= Beginning of Section =

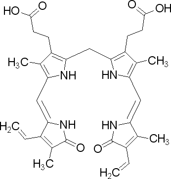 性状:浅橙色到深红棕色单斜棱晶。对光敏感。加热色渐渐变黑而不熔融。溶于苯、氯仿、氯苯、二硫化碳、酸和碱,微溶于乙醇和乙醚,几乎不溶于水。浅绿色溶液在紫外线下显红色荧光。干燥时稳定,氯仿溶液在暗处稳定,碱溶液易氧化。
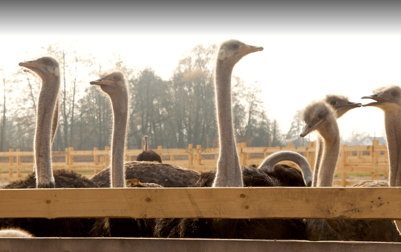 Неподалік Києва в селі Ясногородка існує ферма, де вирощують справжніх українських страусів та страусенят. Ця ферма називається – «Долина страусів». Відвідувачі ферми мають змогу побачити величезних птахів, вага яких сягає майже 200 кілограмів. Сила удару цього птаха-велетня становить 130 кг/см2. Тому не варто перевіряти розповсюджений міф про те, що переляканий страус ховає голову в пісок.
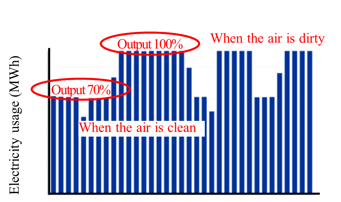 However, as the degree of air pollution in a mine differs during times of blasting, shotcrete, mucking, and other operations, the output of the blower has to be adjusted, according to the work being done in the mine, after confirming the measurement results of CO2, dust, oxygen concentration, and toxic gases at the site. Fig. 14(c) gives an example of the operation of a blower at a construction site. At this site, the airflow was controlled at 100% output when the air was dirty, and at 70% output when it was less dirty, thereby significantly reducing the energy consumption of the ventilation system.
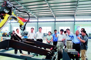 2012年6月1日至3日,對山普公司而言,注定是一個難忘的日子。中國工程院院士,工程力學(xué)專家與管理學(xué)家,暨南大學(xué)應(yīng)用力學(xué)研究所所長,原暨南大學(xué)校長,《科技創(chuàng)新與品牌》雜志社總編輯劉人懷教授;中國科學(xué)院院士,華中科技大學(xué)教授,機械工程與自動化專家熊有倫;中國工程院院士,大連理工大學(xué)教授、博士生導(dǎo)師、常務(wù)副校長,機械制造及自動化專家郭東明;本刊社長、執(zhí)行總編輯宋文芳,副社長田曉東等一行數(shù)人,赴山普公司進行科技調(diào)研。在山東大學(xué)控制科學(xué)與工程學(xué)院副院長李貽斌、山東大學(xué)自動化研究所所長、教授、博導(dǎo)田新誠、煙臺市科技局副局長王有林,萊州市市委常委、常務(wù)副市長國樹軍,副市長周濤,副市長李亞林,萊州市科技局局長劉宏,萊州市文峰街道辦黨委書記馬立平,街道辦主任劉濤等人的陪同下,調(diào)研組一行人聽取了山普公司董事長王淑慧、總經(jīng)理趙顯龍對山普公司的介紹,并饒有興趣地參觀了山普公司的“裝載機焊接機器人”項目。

= End of Section =
= Beginning of Section =

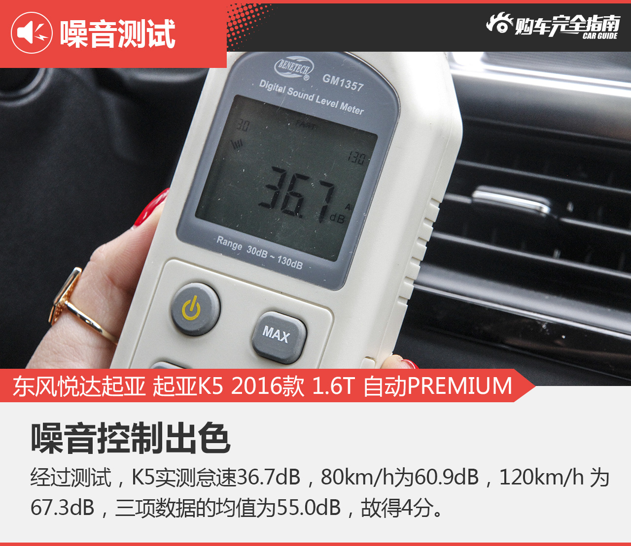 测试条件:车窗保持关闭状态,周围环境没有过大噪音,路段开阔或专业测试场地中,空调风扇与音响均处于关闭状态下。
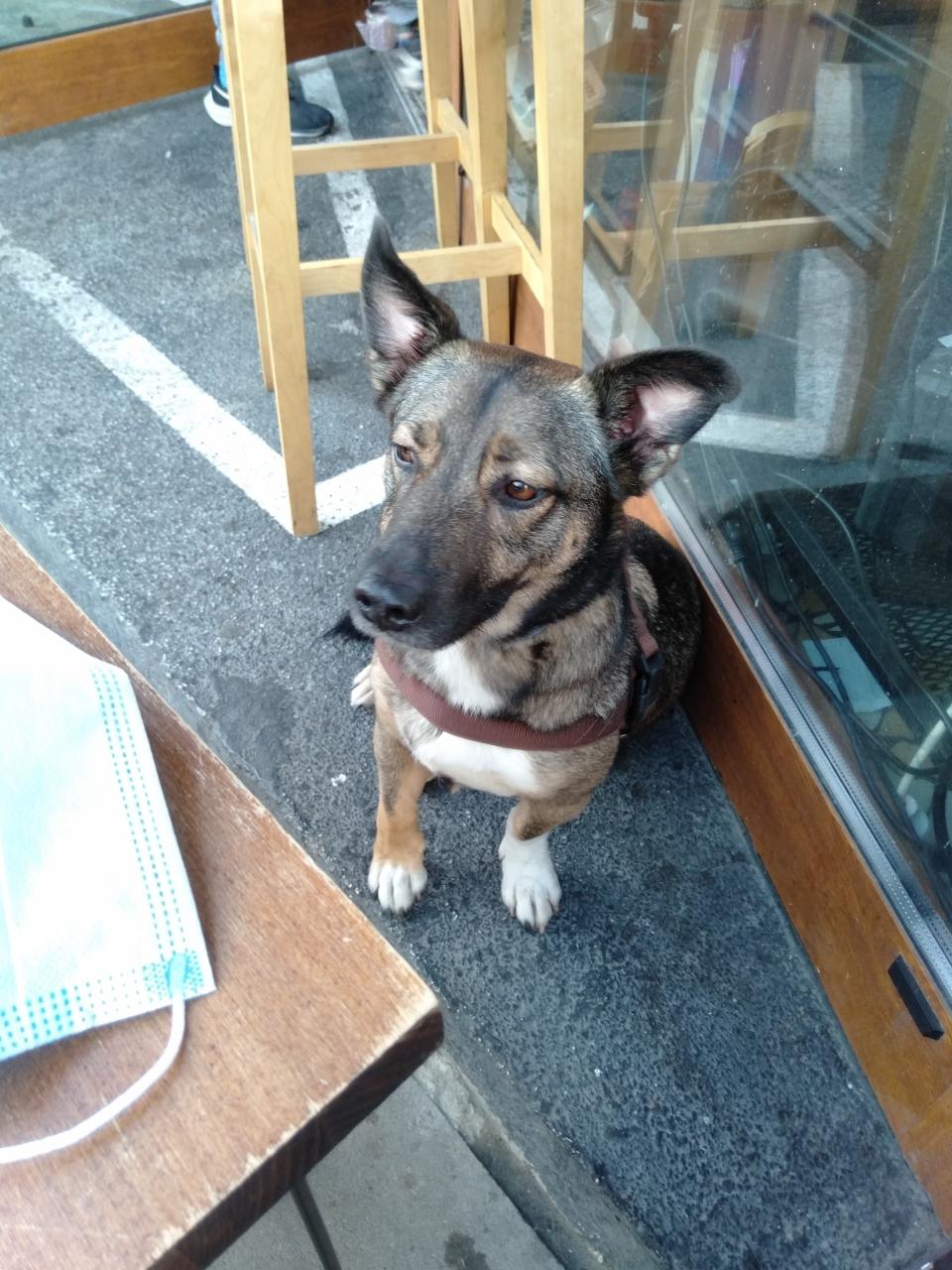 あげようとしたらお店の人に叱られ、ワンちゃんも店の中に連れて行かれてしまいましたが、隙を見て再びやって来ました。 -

= End of Section =

**The problem:**
With the pictures removed from your copy, retype the lines above from the one that contains "性状:浅橙色到深红棕色单斜棱" through the one that contains "Неподалік Києва в", exactly.

**Exercise solution:**
 性状:浅橙色到深红棕色单斜棱晶。对光敏感。加热色渐渐变黑而不熔融。溶于苯、氯仿、氯苯、二硫化碳、酸和碱,微溶于乙醇和乙醚,几乎不溶于水。浅绿色溶液在紫外线下显红色荧光。干燥时稳定,氯仿溶液在暗处稳定,碱溶液易氧化。
 Неподалік Києва в селі Ясногородка існує ферма, де вирощують справжніх українських страусів та страусенят. Ця ферма називається – «Долина страусів». Відвідувачі ферми мають змогу побачити величезних птахів, вага яких сягає майже 200 кілограмів. Сила удару цього птаха-велетня становить 130 кг/см2. Тому не варто перевіряти розповсюджений міф про те, що переляканий страус ховає голову в пісок.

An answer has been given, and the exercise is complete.